Summer Gardens: Getting Dirty With Your Kids

If your kid has a garden in his or her life, whether at school or in your backyard, you may already have a budding scientist, environmentalist or farmer on your hands.

To encourage summer learning, here are some ideas on getting dirty with kids.

Magical Bean Garden: Construct a sturdy tee-pee out of bamboo stakes and plant beans at the base of each pole. Scarlet runner beans are dark blue with streaks of purple. The green vines sprout vigorously, produce brilliant red flowers that attract hummingbirds and then yield eight-inch long beans.

Pizza Garden: Plant a circular plot with six triangular “wedges” of basil, tomatoes, parsley, oregano, onions and tomatoes.
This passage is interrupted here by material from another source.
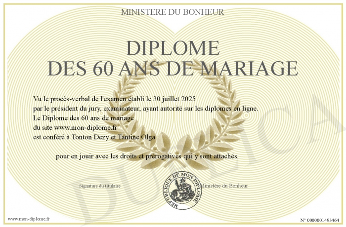 Envoyez par email votre Diplôme des 60 ans de mariage personalisé

Three Sisters Garden: The Lenape Indians who made New Jersey home, grew corn, squash and beans together in a space-efficient companion planting that increases yields, conserves water, provides vine support, and enriches the soil.

Moonlight Garden: Plant white flowers and foliage to gleam under a full moon, such as impatiens, daisies, dianthus, lamb’s ear, lavender and snapdragon. Local garden centers can also recommend night-bloomers like angel’s trumpet. Solar-powered or candle-lit lanterns add a magical glow for nighttime story reading.
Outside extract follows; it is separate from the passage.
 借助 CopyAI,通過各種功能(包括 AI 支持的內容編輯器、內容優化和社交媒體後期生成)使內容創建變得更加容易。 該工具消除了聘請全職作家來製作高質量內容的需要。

Sun Garden: Sunflowers are a can’t-miss hit for little ones because the seeds are large enough for little fingers and the plants grow fast. Kids love observing how the flowers turn to track the sun’s progress across the sky.

Fairy House Garden: If you have a shady corner, you can create a fairy house garden. Consider the space from the vantage point of a very small being for whom delicate ferns are as big as a tree. Define the “yard” with decorative stones. Fairy houses are traditionally built with found twigs, bark, and moss, but a small decorated shoebox would work too. Hang a small wind chime or dream-catcher to let passing fairies know of the new vacancy.  

Invite Winged Visitors: If your kids’ interests run more to the feathered than foodie, put up a bird-feeder, add a fresh water source, and you are on your way to creating a Certified Backyard Habitat.

Go to School: Your local school gardens may need tending during summer break. Contact your school garden’s organizer to see if help is needed.

Sometimes plants don’t grow, sometimes they get eaten by pests and sometimes they die from neglect. That’s all part of the learning process.

Luckily, I’ve found that gardening is mostly about enjoying and learning about nature.